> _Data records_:
========================================================================

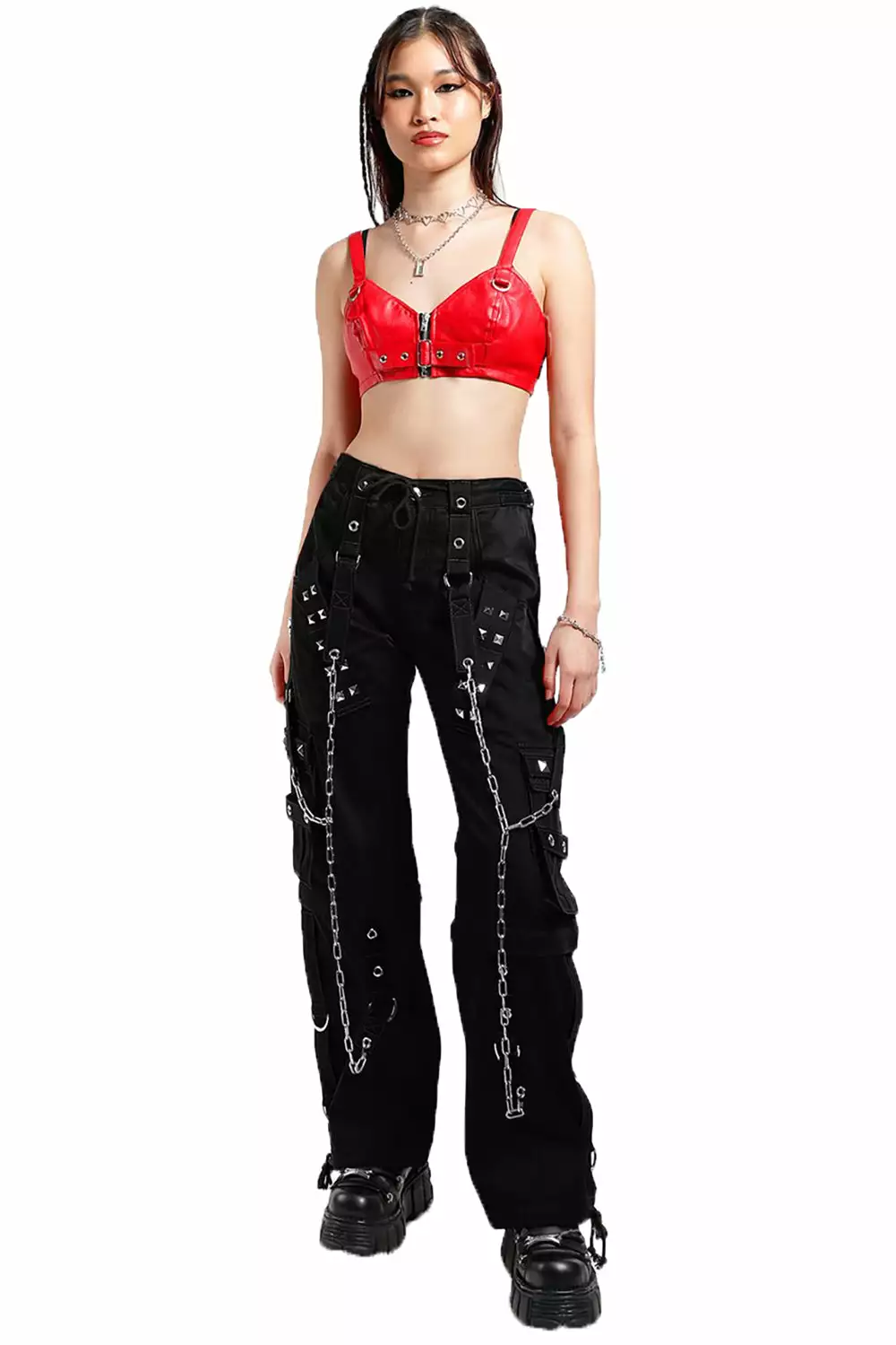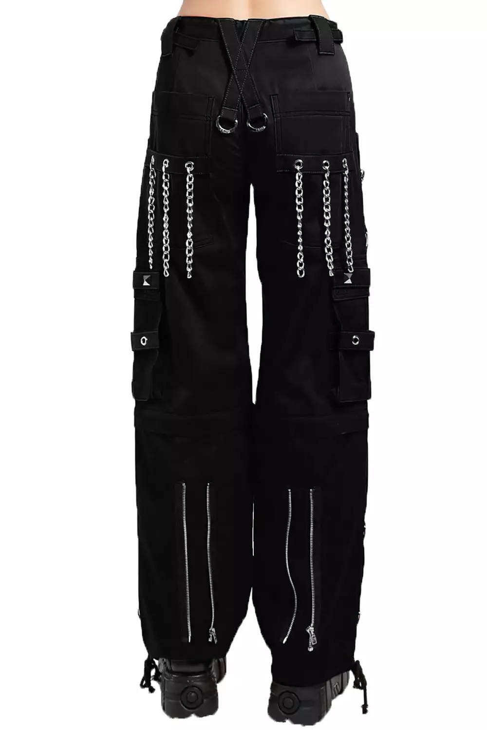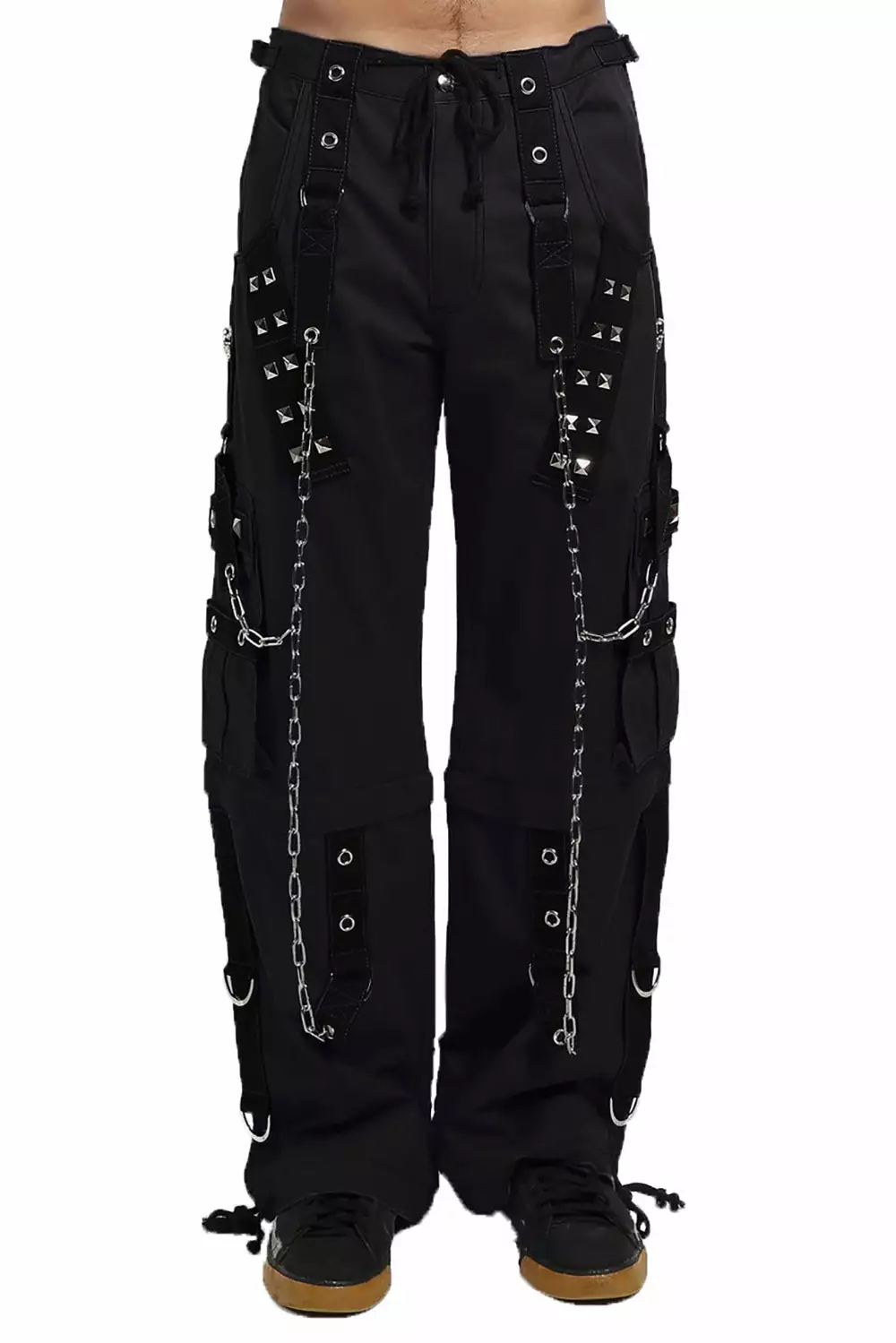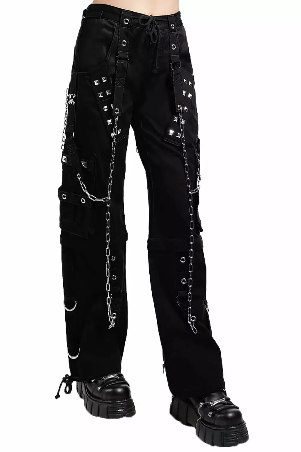 You own the Underworld in these baddie street goth pants! Black and baggy, these statement Tripp pants feature removable chains, pyramid studs, and metal eyelets. Keep it comfy in the adjustable drawstring waist and ankles; zip off the pant legs to transform these pants into shorts! Finished with deep pockets—perfect for carrying your wallet, phone, smokes, and tears of your enemies.
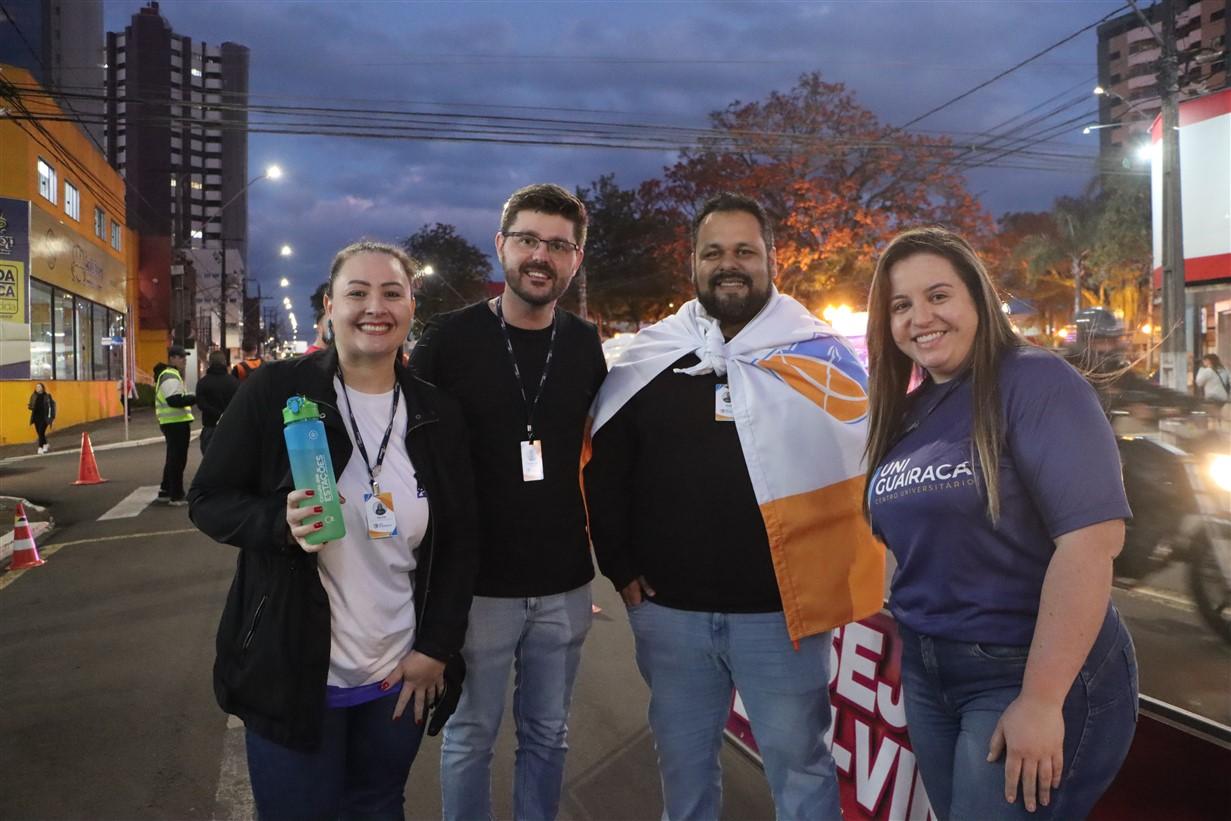 Entre os corredores da noite, estavam a atleta olímpica Tatiane Raquel da Silva, pela Equipe Roxa. “É um prazer enorme estar representando a UniGuairacá nesse evento, pois sempre fez parte da minha vida. Eu estudei e me formei aqui e hoje vim para representá-la”, compartilha. O atleta de Orientação e estudante do curso de Direito na instituição, Tiago Evaristo, participou pela Equipe Laranja. “Pra mim é uma honra estar aqui, porque a corrida era a prova que eu mais estava esperando, pois é o esporte que eu mais tenho intimidade”, comenta.
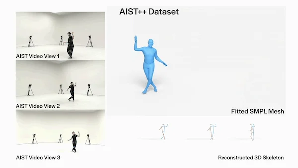 Google 依研究人員的需求,根據常用的 SMPL 3D 模型參數,修復 AIST 影片的拍攝校準正後的數值,以及 3D 人體動作,重建為「AIST++」數位資料庫。重建後的「AIST++」包含與音樂搭配的各種 3D 動作,並將上述十種舞蹈均勻地呈現在動作中、以每分鐘節拍 (BPM) 為單位涵蓋各種音樂節奏。每種舞蹈類型都含 85% 的基本動作和 15% 的進階動作(舞者自由設計的更長編舞)。
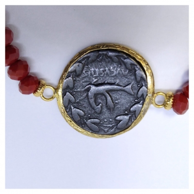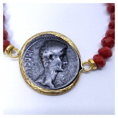 Pulsera elástica color granate adornada con una moneda romana
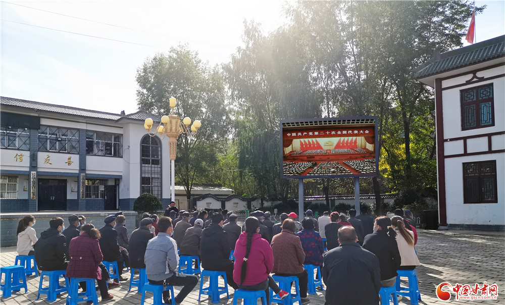 平?jīng)鍪袥艽h汭豐鎮(zhèn)鄭家溝村干部群眾早早來到村公共服務(wù)中心廣場,通過大屏幕收看大會開幕盛況。

========================================================================

> _TASK ITEM_: The pictures stay out; repeat exactly the lines from the one with "Google 依研究人員的需求,根據常用的 SMPL" to the end of the entries above, and nothing else.

> _SOLUTION TO THE EXERCISE_:
 Google 依研究人員的需求,根據常用的 SMPL 3D 模型參數,修復 AIST 影片的拍攝校準正後的數值,以及 3D 人體動作,重建為「AIST++」數位資料庫。重建後的「AIST++」包含與音樂搭配的各種 3D 動作,並將上述十種舞蹈均勻地呈現在動作中、以每分鐘節拍 (BPM) 為單位涵蓋各種音樂節奏。每種舞蹈類型都含 85% 的基本動作和 15% 的進階動作(舞者自由設計的更長編舞)。
 Pulsera elástica color granate adornada con una moneda romana
 平?jīng)鍪袥艽h汭豐鎮(zhèn)鄭家溝村干部群眾早早來到村公共服務(wù)中心廣場,通過大屏幕收看大會開幕盛況。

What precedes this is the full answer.